With President-Elect Obama’s announcement that he will establish an “Apollo Project” to develop a Green Economy, there is no doubt that “the Green Technology train has left the station.” Indisputably, investors will start to invest heavily in companies that appear to possess commericializable Green Technology that will enter the marketplace as the US embraces the Green Economy and develops the necessary infrastructure to make this happen. Before staking a claim to one or more of these companies, however, investors should understand whether existing patent rights owned by third parties could undermine the investment potential of even the most promising Green Technology innovators.
Anyone seeking to capitalize on the Green Economy and its attendant Green Technology must recognize a fundamental reality of US patent law: in granting a patent, the Patent Office cares only that an invention is useful, novel and nonobvious. Significantly–and this is the rub for investors in Green Technology companies–the Patent Office cares not a wit that an invention has commercial significance either today or in the future. As a result, many patents exist today for inventions that did not possess commercial viability when the patent issued, but that cover Green Technology that today may be on the cusp of commericialization. The owners of such patents can (and quite likely will) enforce their rights against those companies that successfully introduce that same Green Technology into the marketplace. Put simply, investors in Green Technology innovators must be hyper-diligent to ensure that inventors who had the same idea but could not commercialize that technology do not derail their commercial plans.A salient and well-known example of an inventor extracting a patent toll from a successful innovator is found in the infamous NTP vs. Research in Motion (“RIM”) patent litigation. In this case, NTP acquired patents issued in the early 1990’s to email technology for use on mobile devices. The inventor of the NTP-owned patents never commercialized the patented technology and the patents issued several years before RIM introduced the technology into its BlackBerry(r) device. Nonetheless, after several years of contentious litigation, RIM settled with NTP for over $600 million. The huge settlement was bad enough, but RIM also suffered from loss of market share due to the uncertainty resulting from the litigation, which certainly led to significant additional financial loss. No doubt investors in RIM would have liked to know about the NTP-owned patents prior to making their investments in this mobile email innovator.
Many people reference the NTP vs. RIM case using the term “patent troll litigation.” However, it would likely be wrong to characterize the owners of patents to not-yet-commercialized Green Technology with the pejorative “patent troll.” Many reasons can be present for such patented inventions having failed to be successfully commercialized, not the least of which is that a market simply may not have existed at the time the patent covering the technology issued.
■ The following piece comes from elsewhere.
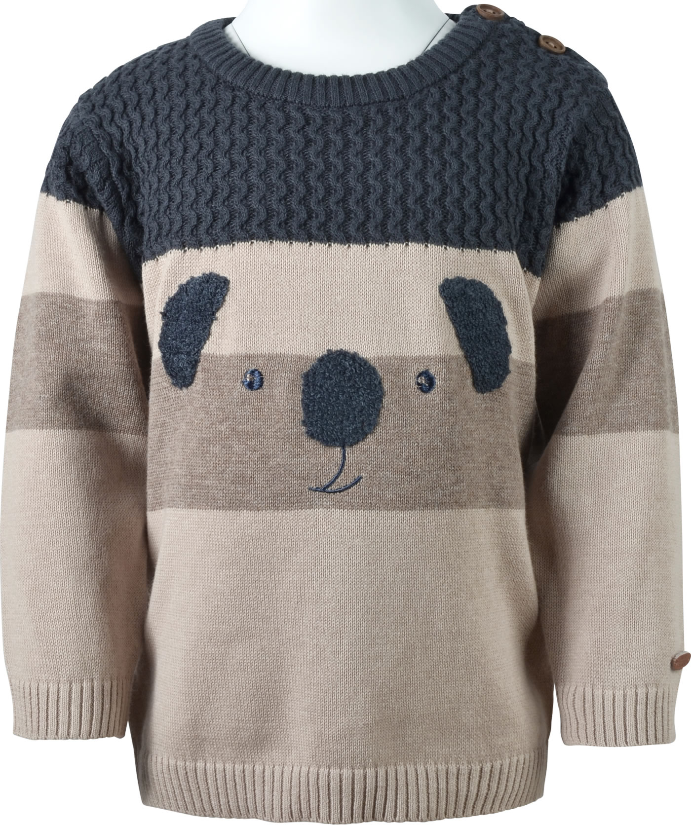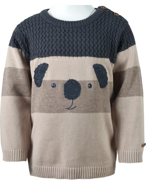 Warm knitted pullover in block stripes for boys by HUST AND CLAIRE. The loose cut offers plenty of freedom of movement. A great eye-catcher is the koala face on the front. Buttons on the shoulder make it easy to put on and take off.

In the US, however, any inventor owning a patent possesses superior rights to the patented technology over one who successfully commercializes that same technology. In short, inventors’ US patent rights trump those of innovators. (Note that this rule differs in some oher countries, where the patent laws require compulsory licenses from the patentee to those seeking to commercialize the patented technology.)
So what does all this mean for those who seek to capitalize on the emerging Green Economy by investing in innovative Green Technology companies? At a minimum, Green Technology investors must endeavor not to focus solely on the viability of the technology itself such that they fail to determine whether another party owns superior rights to that technology. To this end, Green Technology investors must obtain Freedom to Operate opinions, which will inform them whether the technology of interest is covered by a third party’s patent rights. While this may seem like an obvious step when vetting a new Green Technology investment, I am nonetheless repeatedly surprised that even sophisticated VC’s and private equity investors fail to conduct the most basic of Freedom to Operate analyses before moving forward with an investment decision in a technology company.
A Freedom to Operate analysis should only be the first step when investing in a potentially commercializable Green Technology company, however. An investor must also conduct what I call a “Permission to Innovate” analysis. A Permission to Innovate analysis tells the investor whether any third party patents exist that are close to the likely development and commercialization path of the relevant Green Technology. A knowledge of such closeness is critical to know when a technology is yet-to-be commercialized because an innovator must be able to develop technology freely in response to market forces. A Permission to Innovate analysis will provide the investor with knowledge of whether the area of Green Technology in which she seeks to invest is crowded with third party patents that could limit the freedom of a Green Technology company to innovate in the future.
Many investors will see the emerging US Green Economy to constitute a possible “gold mine” and will rush to stake a claim. Nonetheless, investors would be well-served by realizing that good Green Technology ideas have been in existence for many years, and many of these ideas are covered by US patents. Investment success may hinge on knowledge of such pre-existing patent rights to ensure that a company’s commercialization of promising new technology is not restricted by the person who first invented and patented that technology. As such, I believe it is critical for Green Technology investors to develop substantive patent knowledge of the relevant patent landscape prior to joining the Green Technology “gold rush.”